### The task
Without the pictures, give the entries below again exactly as written.

### Supplied material
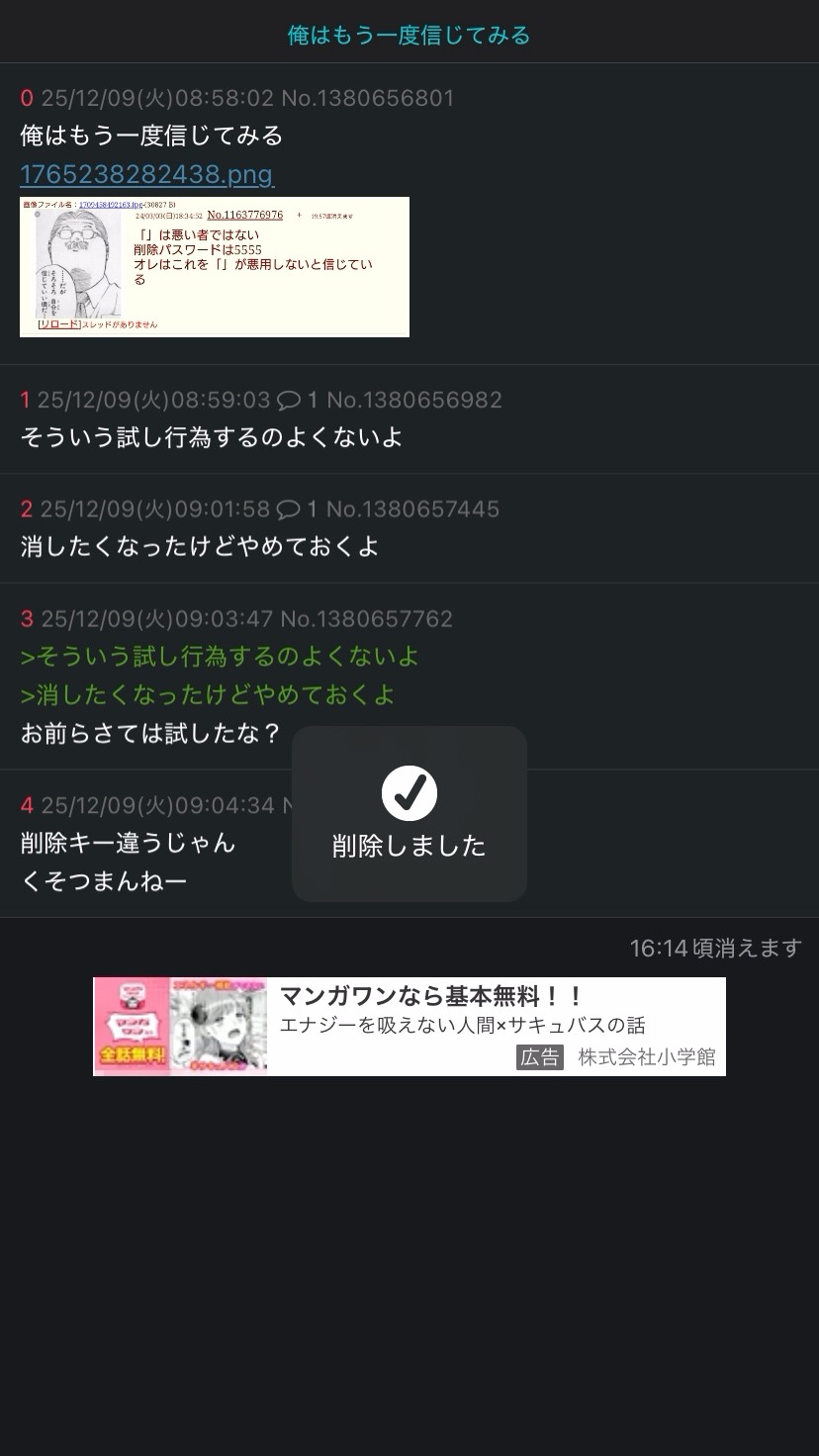 | … | 125/12/09(火)09:30:40 ID:FO7mJca.No.1380662351そうだねx3スレッドを立てた人によって削除されました |
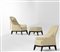 Set di due poltrone con un pouff. Struttura in legno e rivestimenti in tessuto.,
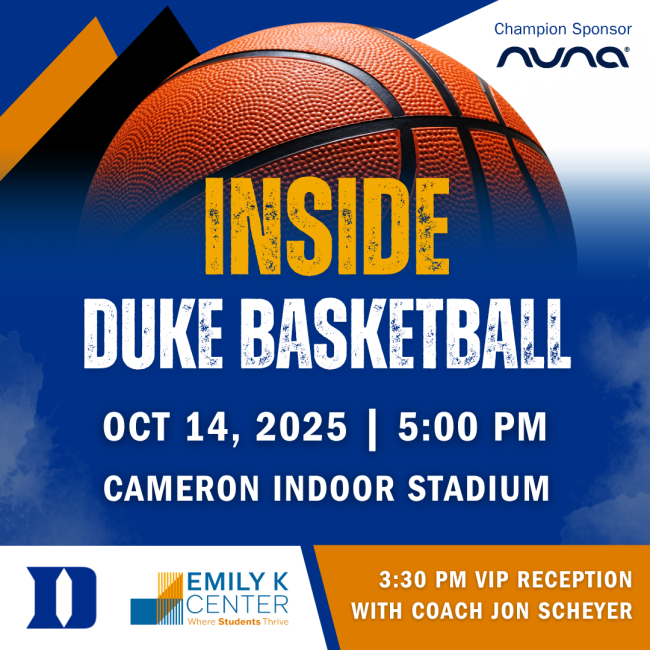 Inside Duke Basketball is an unique opportunity to watch a Duke Men’s Basketball private practice session to benefit the Emily K Center. Visit historic Cameron Indoor Stadium to watch Head Coach Jon Scheyer and the team in action as they prepare for the upcoming season. A limited number of VIP tickets are available that include the opportunity to attend an exclusive VIP reception with Coach Scheyer before the practice.
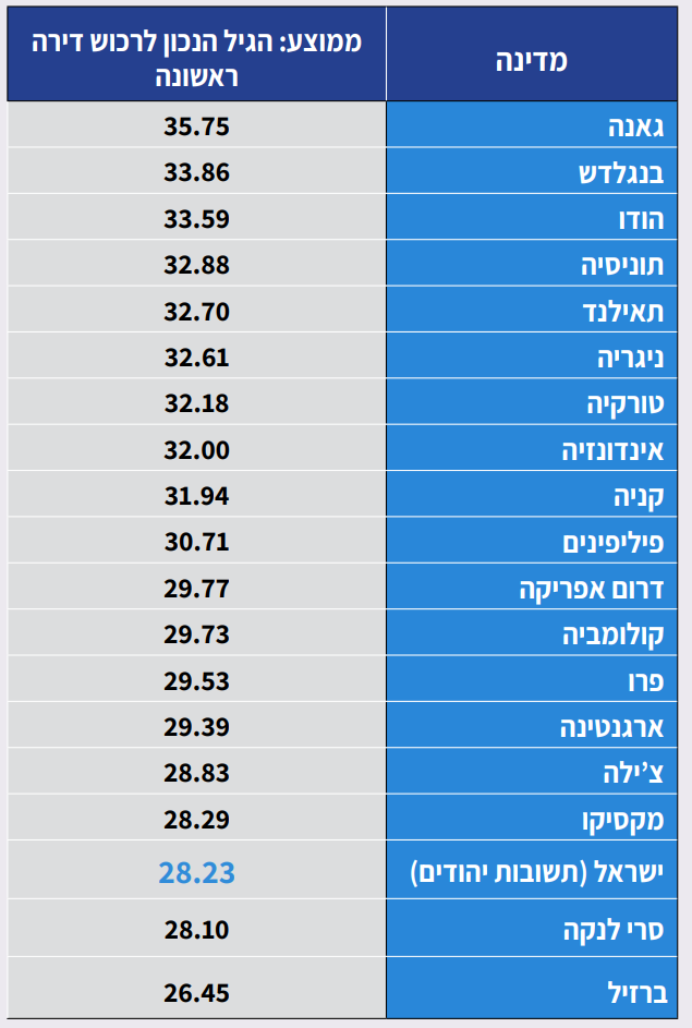 הסקר של מכון המחקר ״פיו״ כלל 18 מדינות, רובן בעולם המתפתח. בהשוואה אליהן ישראל היא אחת משלוש המדינות שבהן הגיל הממוצע לרכישת דירה הוא הצעיר ביותר. בקרב היהודים בישראל, ממוצע הגיל בסקר שערכנו עמד על 28.23 נתון דומה לזה שנרשם במקסיקו ובסרי לנקה.
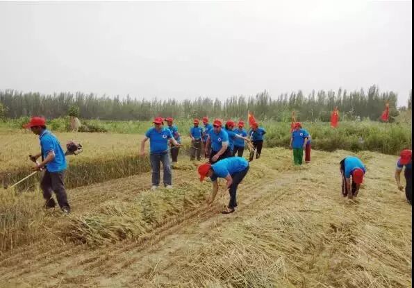 (和田零距离讯 通讯员 :申恒雨 岳德东 )天高日正晌,遍地黄金浪。6月是小麦收获的季节,放眼望去到处都是农民和工作队员忙碌的身影,大家舞动镰刀、收获一片金黄的希望。
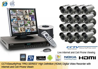 "Pro Series" Complete 16 Camera Indoor/outdoor Color Sony Super HAD CCD Infrared Security Camera Surveillance System with Internet and Cell Phone Viewing During the day, the "BLACK KNIGHT" Surveillance Camera delivers a high resolution STUNNING color picture. The cameras provide you with a 90 degree standard wide angle view and deliver a clear, high resolution viewing area during the day up to 250 feet away. The "BLACK KNIGHT" works exceptional in both low light and even NO light applications due to the 30 built in Infrared Illuminators. These Infrared Bullet Cameras are small and discreet. You may mount these cameras to the ceiling or wall. Expect SUPERB video quality and definition. The "PRO SERIES" H.264 G4 Digital Video Recorder has a built in hard drive for a minimum of 1 month of 24/7 recording and up to several months or recording if you utilize the motion detection recording function. It has H.264 Compression for Long Video Storage, Internet and Cell Phone Viewing, Email and Cell Phone Alerts with Snapshot, 30 Frames per Second per Camera (TV Quality), Central Monitoring Station, and UNLIMITED DIGITAL ZOOM. If you choose, plug the Ethernet cable in from the DVR to your modem or router and view your cameras on your network, on the Internet, and on your Cell Phone from anywhere in the world - with no additional monthly fees. Experience high definition quality and monitor your most important assets. The bottom line is, the Digital Video Recorder is vital to the performance and reliability of your system. The "PRO SERIES" delivers quality and reliability that you will trust.
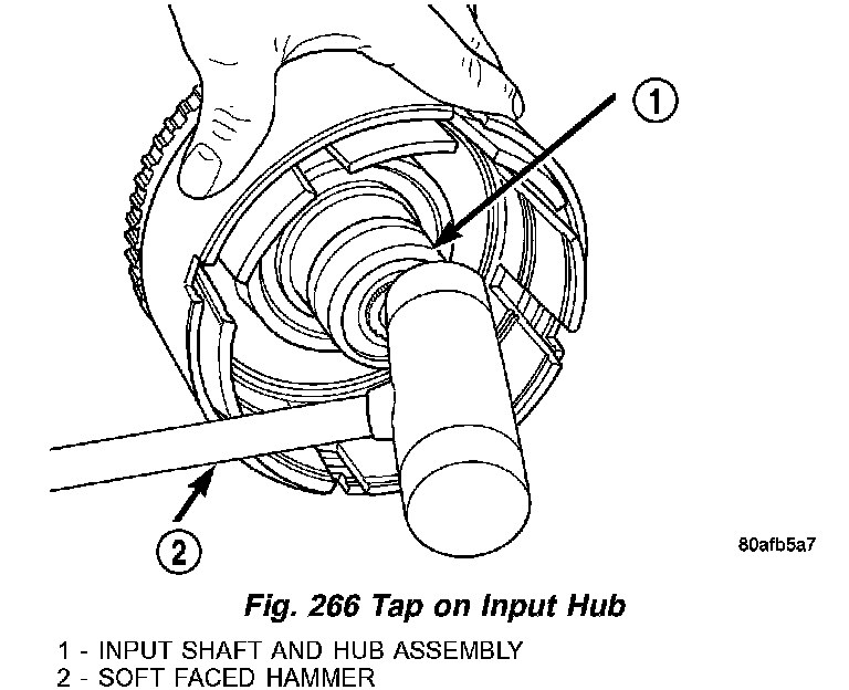 17. Tap on input hub with soft faced hammer (2) (Fig. 266) and separate input hub from OD/Reverse piston and clutch retainer.
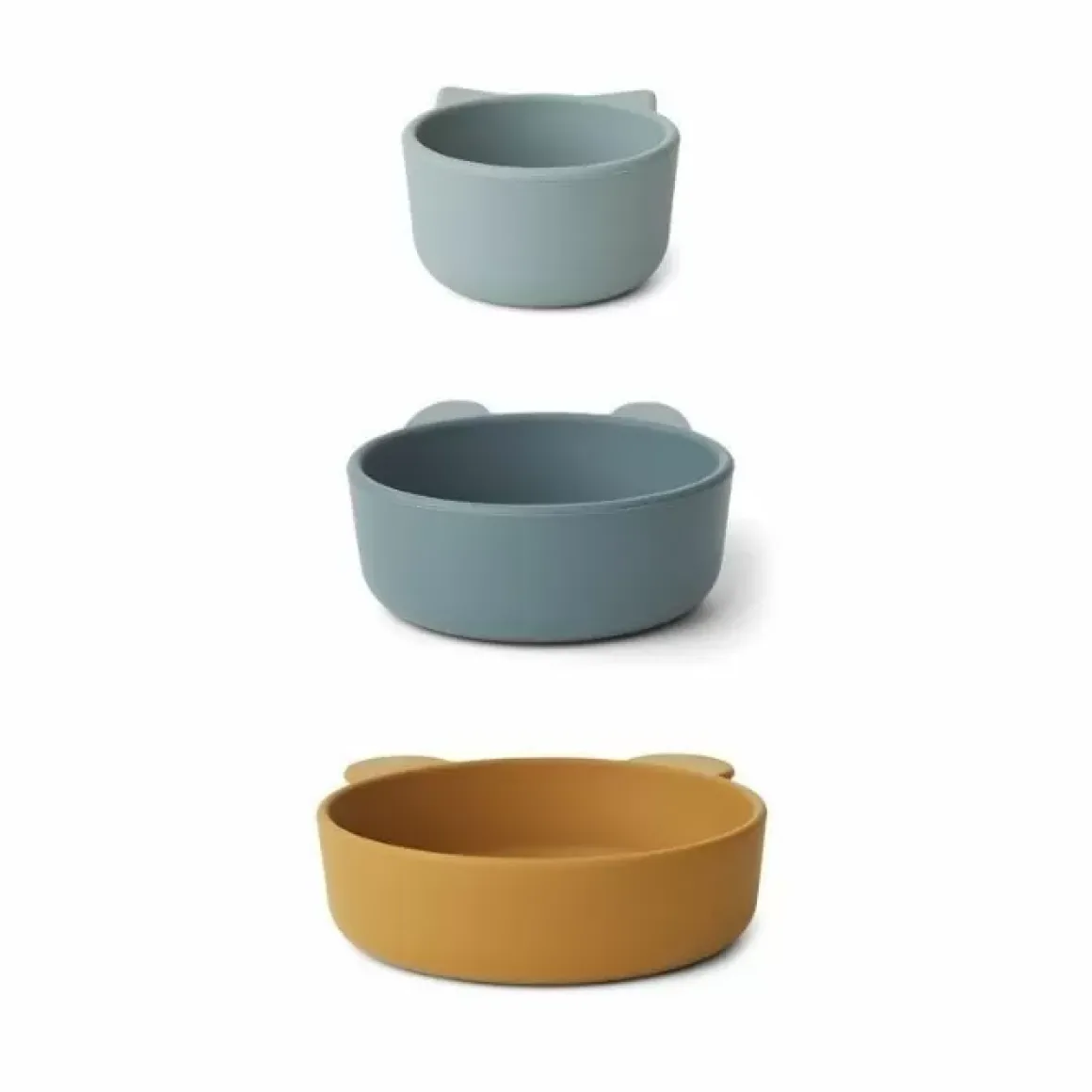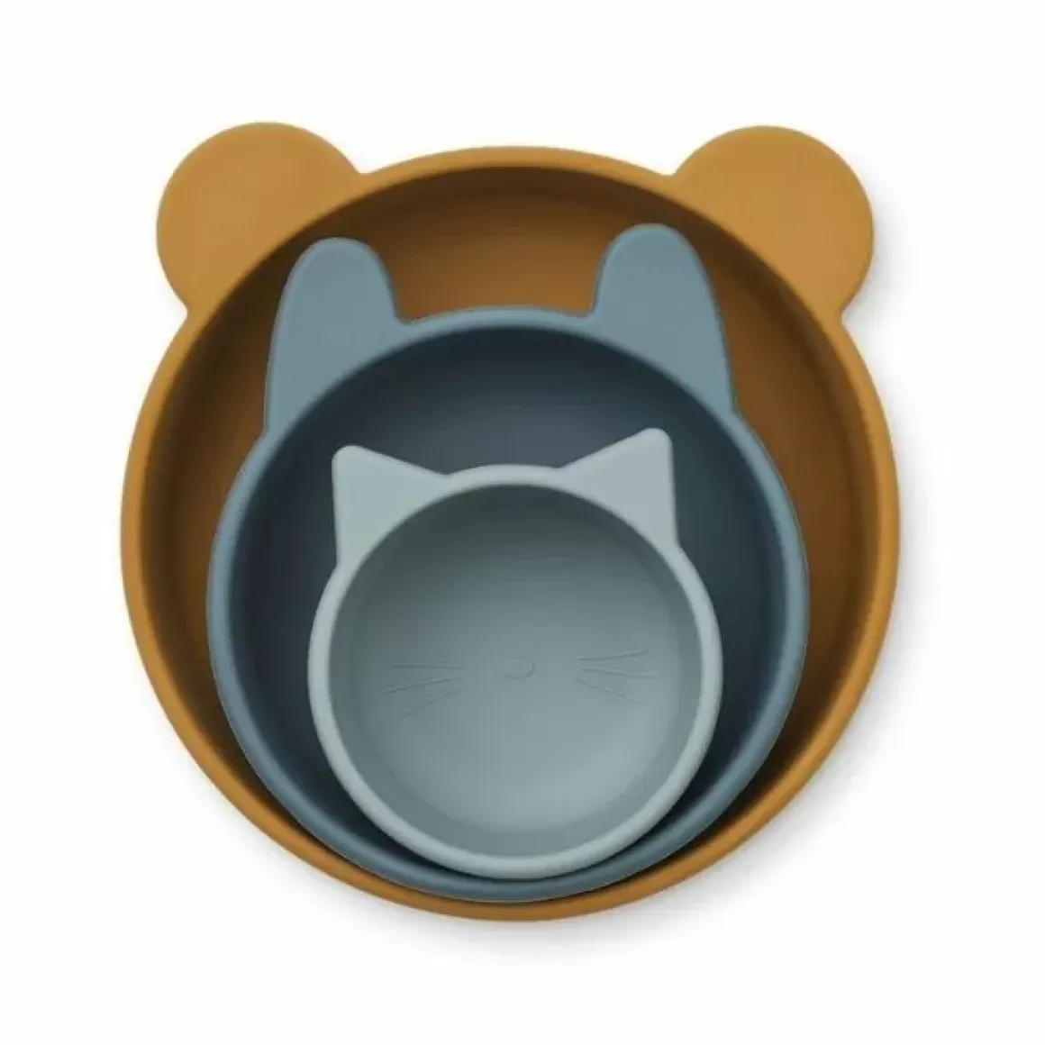 Drie Kommen Met Dierenoortjes, Perfect Voor Kleine Snack Of Het Vullen Met De Eerste Hapjes. Doordat De Kommen Zijn Gemaakt Van 100% Siliconen Zijn De Kommen Buigbaar En Onbreekbaar. Om Het Nog Makkelijker Te Maken Kunnen Deze Lieve Snack Bakjes Ook Nog Eens In De Vaatwasser.
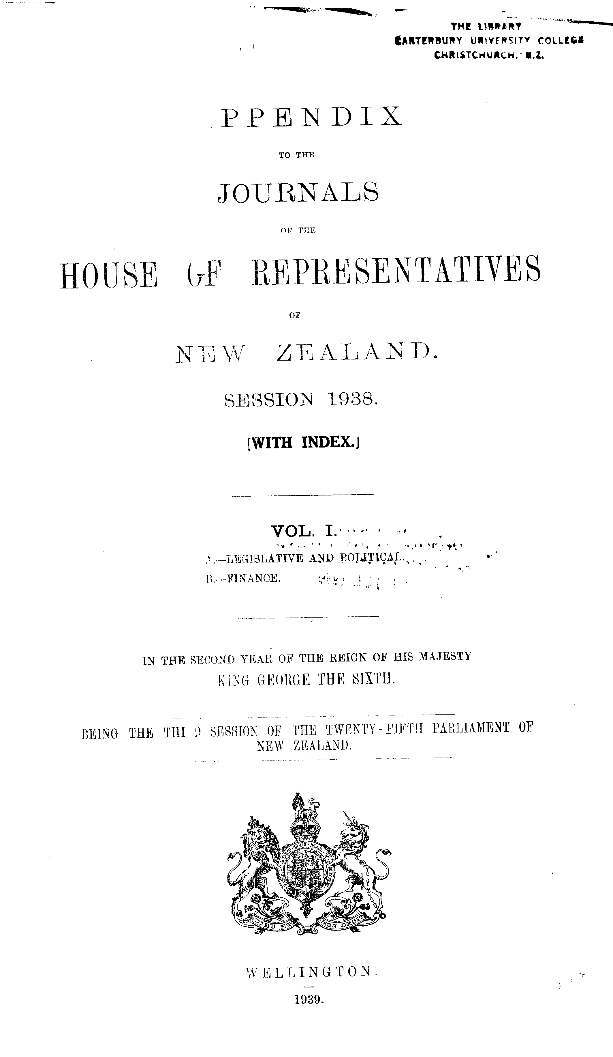 VOL. I. " A—LEGISLATIVE AND POLITICAL.,.. B. —FINANCE. ;4> i ! ■ ■ .
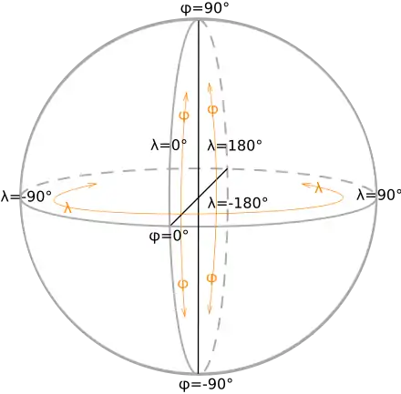 - La longitude est donc une mesure angulaire sur 360° par rapport à un méridien de référence, avec une étendue de -180° à +180°, ou respectivement de 180° ouest à 180° est.
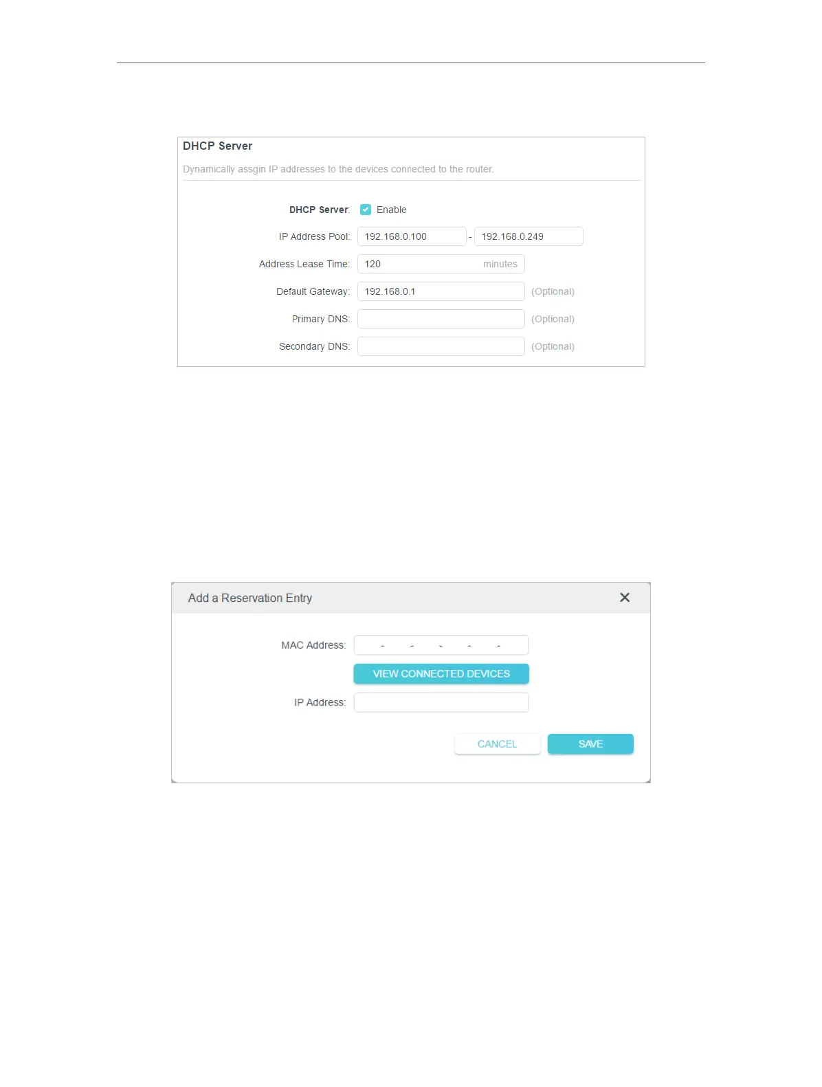 1. Click Add in the Address Reservation section.

### Response
 | … | 125/12/09(火)09:30:40 ID:FO7mJca.No.1380662351そうだねx3スレッドを立てた人によって削除されました |
 Set di due poltrone con un pouff. Struttura in legno e rivestimenti in tessuto.,
 Inside Duke Basketball is an unique opportunity to watch a Duke Men’s Basketball private practice session to benefit the Emily K Center. Visit historic Cameron Indoor Stadium to watch Head Coach Jon Scheyer and the team in action as they prepare for the upcoming season. A limited number of VIP tickets are available that include the opportunity to attend an exclusive VIP reception with Coach Scheyer before the practice.
 הסקר של מכון המחקר ״פיו״ כלל 18 מדינות, רובן בעולם המתפתח. בהשוואה אליהן ישראל היא אחת משלוש המדינות שבהן הגיל הממוצע לרכישת דירה הוא הצעיר ביותר. בקרב היהודים בישראל, ממוצע הגיל בסקר שערכנו עמד על 28.23 נתון דומה לזה שנרשם במקסיקו ובסרי לנקה.
 (和田零距离讯 通讯员 :申恒雨 岳德东 )天高日正晌,遍地黄金浪。6月是小麦收获的季节,放眼望去到处都是农民和工作队员忙碌的身影,大家舞动镰刀、收获一片金黄的希望。
 "Pro Series" Complete 16 Camera Indoor/outdoor Color Sony Super HAD CCD Infrared Security Camera Surveillance System with Internet and Cell Phone Viewing During the day, the "BLACK KNIGHT" Surveillance Camera delivers a high resolution STUNNING color picture. The cameras provide you with a 90 degree standard wide angle view and deliver a clear, high resolution viewing area during the day up to 250 feet away. The "BLACK KNIGHT" works exceptional in both low light and even NO light applications due to the 30 built in Infrared Illuminators. These Infrared Bullet Cameras are small and discreet. You may mount these cameras to the ceiling or wall. Expect SUPERB video quality and definition. The "PRO SERIES" H.264 G4 Digital Video Recorder has a built in hard drive for a minimum of 1 month of 24/7 recording and up to several months or recording if you utilize the motion detection recording function. It has H.264 Compression for Long Video Storage, Internet and Cell Phone Viewing, Email and Cell Phone Alerts with Snapshot, 30 Frames per Second per Camera (TV Quality), Central Monitoring Station, and UNLIMITED DIGITAL ZOOM. If you choose, plug the Ethernet cable in from the DVR to your modem or router and view your cameras on your network, on the Internet, and on your Cell Phone from anywhere in the world - with no additional monthly fees. Experience high definition quality and monitor your most important assets. The bottom line is, the Digital Video Recorder is vital to the performance and reliability of your system. The "PRO SERIES" delivers quality and reliability that you will trust.
 17. Tap on input hub with soft faced hammer (2) (Fig. 266) and separate input hub from OD/Reverse piston and clutch retainer.
 Drie Kommen Met Dierenoortjes, Perfect Voor Kleine Snack Of Het Vullen Met De Eerste Hapjes. Doordat De Kommen Zijn Gemaakt Van 100% Siliconen Zijn De Kommen Buigbaar En Onbreekbaar. Om Het Nog Makkelijker Te Maken Kunnen Deze Lieve Snack Bakjes Ook Nog Eens In De Vaatwasser.
 VOL. I. " A—LEGISLATIVE AND POLITICAL.,.. B. —FINANCE. ;4> i ! ■ ■ .
 - La longitude est donc une mesure angulaire sur 360° par rapport à un méridien de référence, avec une étendue de -180° à +180°, ou respectivement de 180° ouest à 180° est.
 1. Click Add in the Address Reservation section.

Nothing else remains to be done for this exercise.